2. Material and methods

2.1. MRI datasets

We collected structural MRI (T1) data from 18 studies. The pooled dataset included baseline scans of typically-developing and typically-aging participants from each study with available age and sex information. We defined typical development and typical aging as the absence of a known diagnosis of a neurological or psychiatric disorder. We considered multi-center imaging studies that undertook efforts to unify protocols as single studies; this includes the Alzheimer’s Disease Neuroimaging Initiative (ADNI) (Jack Jr. et al., 2008), the Baltimore Longitudinal Study of Aging (BLSA) (Armstrong et al., 2019; Resnick et al., 2003), the Coronary Artery Risk Development in Young Adults study (CARDIA) (Friedman et al., 1988), the Pediatric Imaging, Neurocognition, and Genetics study (PING) (Jernigan et al., 2016), the Philadelphia Neurodevelopmental Cohort (PNC) (Satterthwaite et al., 2016), and the UK Biobank (Alfaro-Almagro et al., 2019). Phases of ADNI (ADNI-1, ADNI-2) and BLSA (1.5T SPGR, 3T MPRAGE) were considered separate studies due to major scanner updates. A single scan was included in the LIFESPAN dataset for each ADNI and BLSA subject. Although we internally processed 21,315 scans from the UK Biobank in 10 randomized batches, we decided to include only one batch from the dataset to avoid estimating age trends that would be heavily influenced by the the UK Biobank. Table 1 shows general characteristics of the study datasets. We note the inherent demographic diversity across datasets; for example, while overall the dataset was 54% female, individual studies ranged from 38% to 69% female. The studies also cover different age ranges, though this is intended to produce a pooled dataset covering most of the human lifespan. In Supplementary Table 1 we present additional demographic diversity due to race and ethnicity for the study participants where data was available. Overall the majority of participants were white with a substantial minority of black participants; there were a small number of Chinese Asian and Hispanic participants. Figure 1 presents age distributions for each study in the LIFESPAN dataset, sorted by median age. Scanner models and acquisition protocol parameters in each dataset are given in Supplementary Table 2. Informed consent was obtained from all participants by the leading institutions of each individual study in the LIFESPAN dataset. The Ethics Committee of the leading institution of each cohort approved its study.

Table 1.

Summary characteristics of the datasets included in the LIFESPAN dataset, sorted by median age.

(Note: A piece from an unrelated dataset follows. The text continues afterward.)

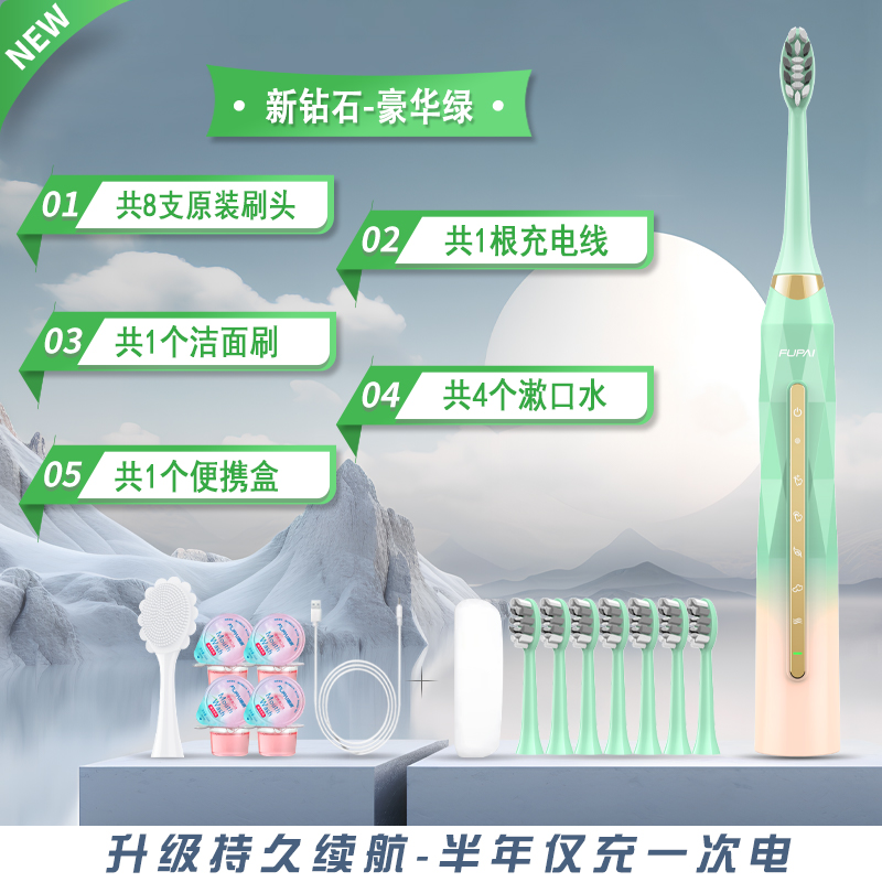 • 새로운 다이아몬드 모델 - 배터리 수명 반년★럭셔리 모델 [패스트럴 그린] 칫솔모 8개 + 휴대용 박스 +
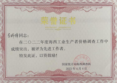 風(fēng)電青海公司李瑞博獲得海西州2022年度生產(chǎn)者價格調(diào)查“先進(jìn)工作者”榮譽(yù)稱號 |

Dataset Name Country of Origin No. Participants No. Females (%) Age Range (Median)
PING USA 306 154 (50.3) [3, 21](12.8)
PNC USA 1,444 755 (52.3) [8, 24](15)
MUNICH Germany 173 54 (31.2) [18, 62](30)
PENN-BBL USA 170 100 (58.8) [16, 86](30.3)
CHINA-TAH China 102 60 (58.8) [20, 57](32)
CARDIA USA 719 377 (52.4) [42, 56](51)
SHIP Germany 2,738 1,491 (54.5) [21, 91](52.6)
PAC-WASH USA 247 152 (61.5) [42, 77](61.5)
PAC-WISC USA 127 88 (69.3) [48, 73](62)
UKBIOBANK United Kingdom 2,201 1,189 (54) [45, 80](64.1)
PAC-JHU USA 92 56 (60.9) [42, 88](68.3)
BLSA-3T USA 964 521 (54) [22, 96](69.5)
ADC USA 104 66 (63.5) [58, 95](71)
BLSA-1.5T USA 92 35 (38) [56, 86](72.6)
AIBL Australia 446 249 (55.8) [60, 92](73)
ADNI-2 USA 324 179 (55.2) [56, 95](73.1)
PENN-PMC USA 39 21 (53.8) [55, 85](75)
ADNI-1 USA 189 89 (47.1) [59, 89](75.8)
LIFESPAN (total) 10,477 5636 (53.8) [3, 96](56.1)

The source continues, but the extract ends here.